North Korea could be preparing another missile launch, Seoul said Monday as it stepped up its defences following Pyongyang's biggest-ever nuclear test and declaration it had a hydrogen bomb.
The South and the United States will deploy more of the Terminal High-Altitude Area Defense (THAAD) missile launchers that have infuriated Beijing, the defence ministry said.
The announcement came after Seoul fired an early morning volley of ballistic missiles in an exercise simulating an attack on the North's nuclear test site.
Pictures showed South Korean short-range Hyunmoo ballistic missiles roaring into the sky in the pale light of dawn from a launch site on the country's east coast.
Pyongyang said the device it detonated Sunday was a hydrogen bomb -- far more powerful than the fission-based devices it is believed to have previously tested -- and small enough to fit into a missile.

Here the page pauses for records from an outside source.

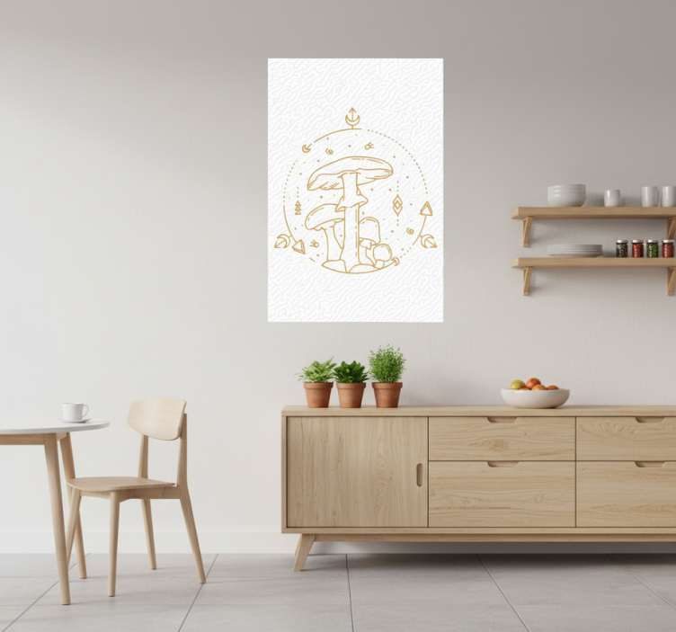 Reference: G654Introducing our stunning Kitchen poster geometric mushroom line art, a perfect blend of modern design and natural beauty! This unique piece showcases a captivating geometric representation of mushrooms, crafted with high colour intensity on quality 180g/m2 paper to ensure durability. The semi-matt finish eliminates reflections, allowing you to appreciate the intricate details of the artwork in any lighting. Transform your kitchen space with this eye-catching art that effortlessly combines elegance and a touch of whimsy!
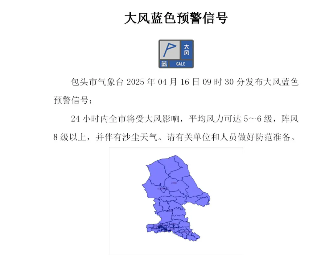 包头市气象台2025年04月16日09时30分发布大风蓝色预警,24小时内全市将受大风影响,平均风力可达5~6级,阵风8级以上,并伴有沙尘天气。大风天气对于部分行业部门、生产经营单位正常运行和公众生活可能带来影响。包头市安全生产委员会办公室、包头市防灾减灾救灾委员会办公室、包头市森林草原防灭火指挥部办公室、包头市人工影响天气与气象灾害防御指挥部办公室提示: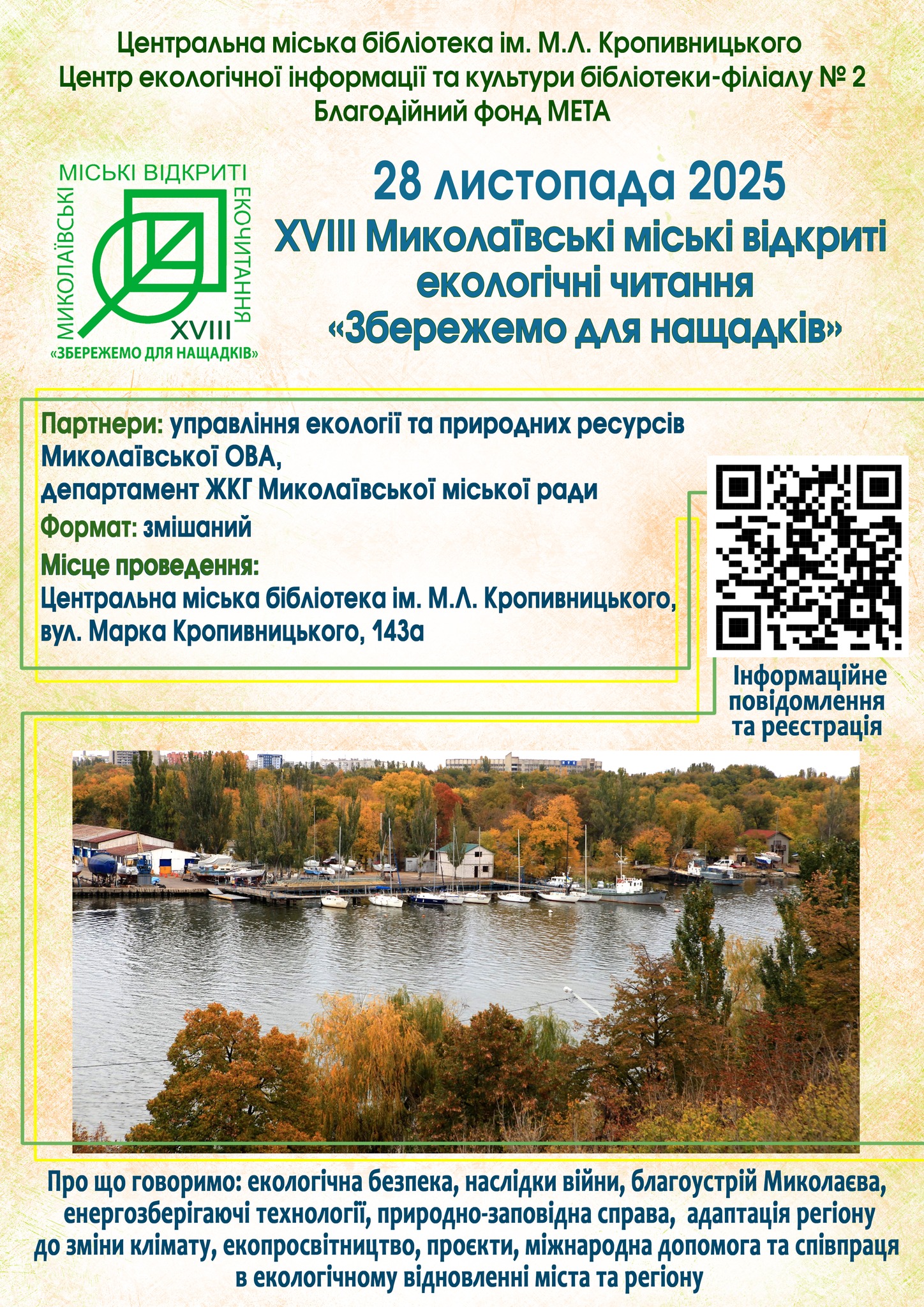 До уваги всіх зацікавлених! Триває реєстрація на XVIII Миколаївські міські екологічні читання "Збережемо для нащадків".  Будемо раді бачити в стінах бібліотеки!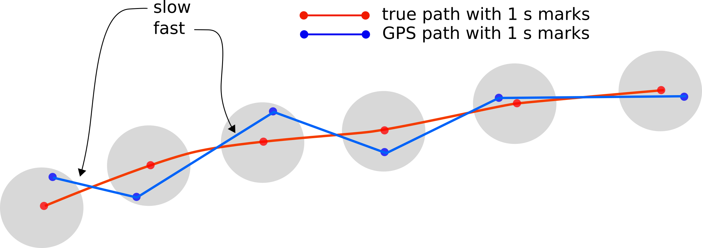 High resolution GPS typically samples every second. A problem arises because the GPS accuracy is limited to within a few meters (typically less then 3.5 meters) of your true location. Over an entire run this is virtually irrelevant. Over a one second period this is extremely relevant. Consider a runner with a 40 minute 10k pace running on average at just over 4 meters per second. The distance error of a single sample is of the same magnitude as the average distance traveled! Although clever algorithms disguise this problem using filtering (a simple example being a moving average over a several second window) this reduces the time responsiveness making it unsuitable for short intervals of under 30 seconds. Foot pods, such as Stryd, as well as providing highly accurate distance measurement, provide instantaneous pace with a level of accuracy and precision unachievable with conventional GPS.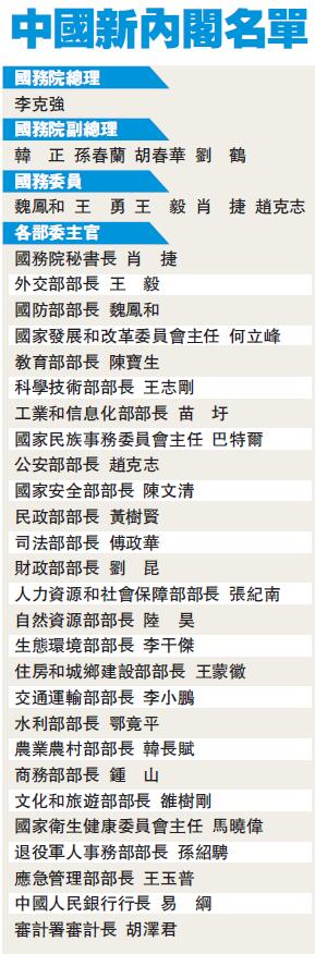 主持人還宣布了國務院秘書長和國務院各部部長、各委員會主任、中國人民銀行行長、審計長名單(詳見圖表)。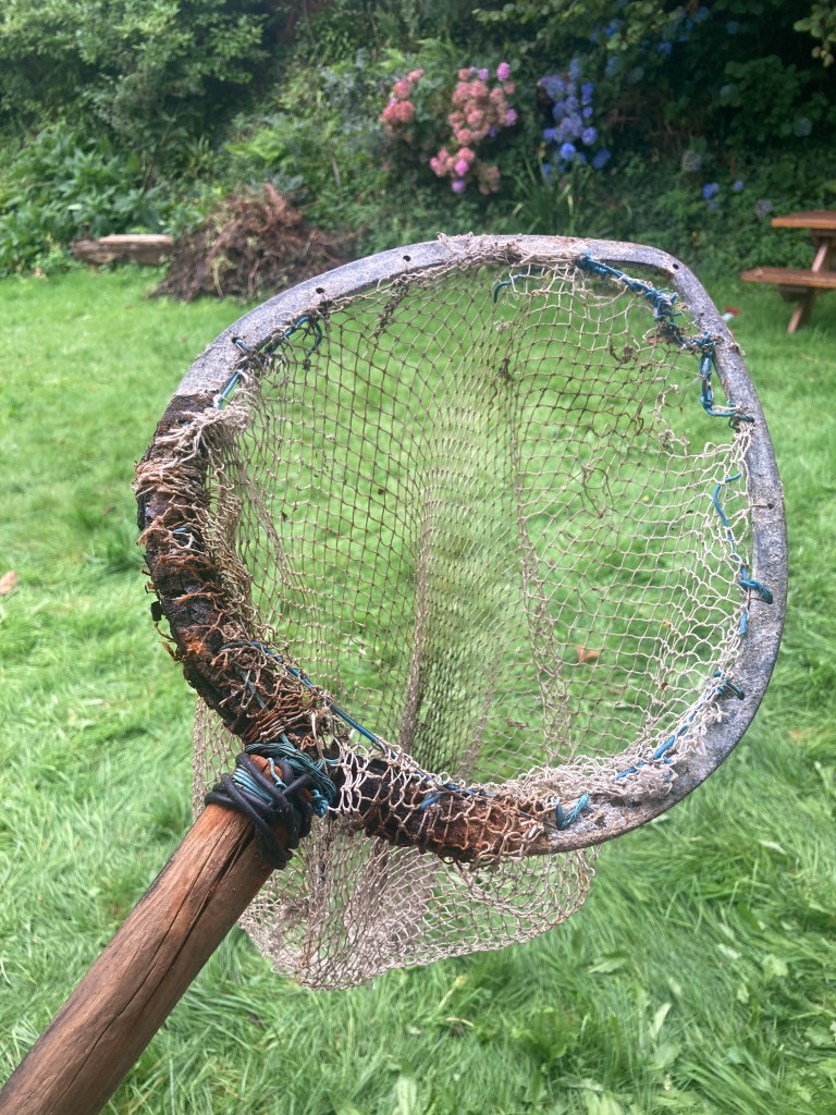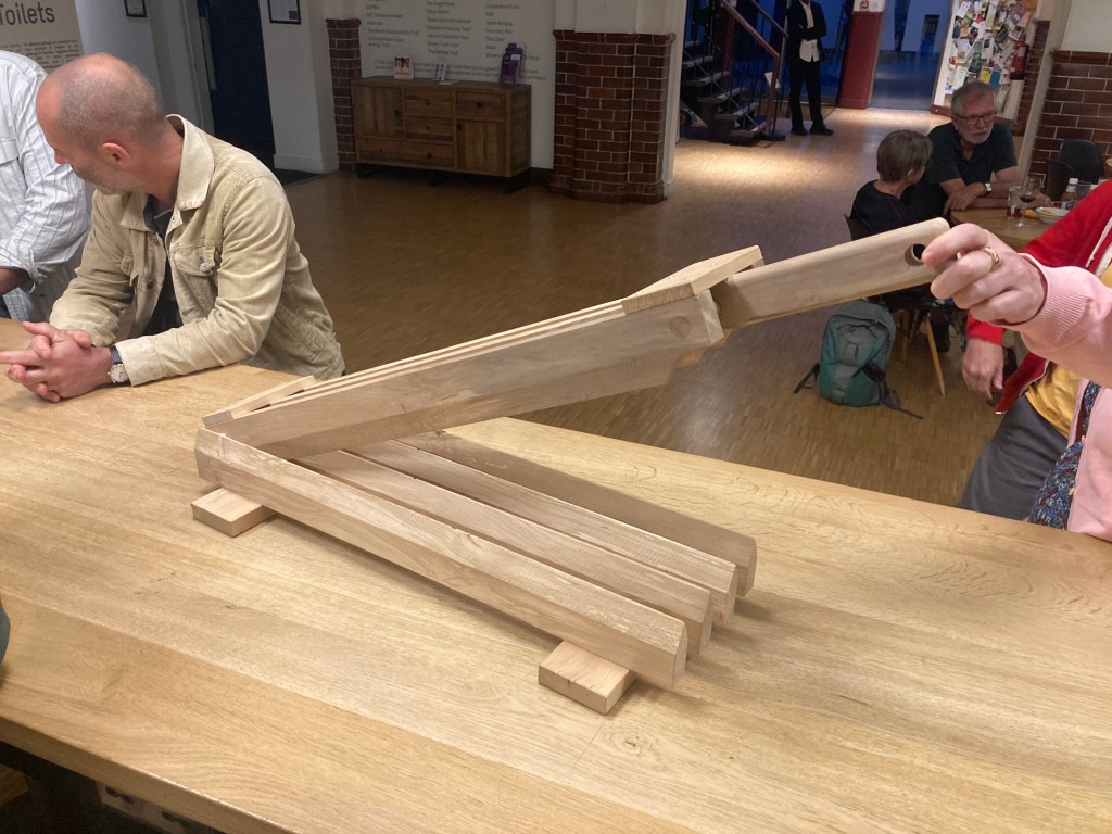 We wanted to try out the beautiful new flax break, made for me by Dylan Jones of Machynlleth. It’s from fallen Beech and is a beast – nicknamed the Flax Capacitor. Sadly when we eventually found last years retted flax, it hadn’t been kept dry enough and so is now over retted. It wasn’t dry enough to properly try breaking, and so it’s gone to the farmhouse for a week, and we’ll try it again next week. But it was breaking off easily at the root end, which was the most retted as it had stood in a stook on a damp surface. I think we’ll salvage a shorter length and the rest we can try for papermaking and casting. So, lessons learnt… keep track of your flax and make sure it’s dry and aired.

The blast laid down a new gauntlet to President Donald Trump, after the North in July twice tested an intercontinental ballistic missile (ICBM) that appeared to bring much of the US mainland into range, and threatened to send a salvo of missiles towards the US territory of Guam.
South Korean defence ministry officials estimated its strength at 50 kilotons -- five times the size of the North's previous nuclear test, and more than three times bigger than the US device which obliterated Hiroshima in 1945.
But they did not confirm whether it was a hydrogen bomb, saying only that "a variety of nuclear material" had been used.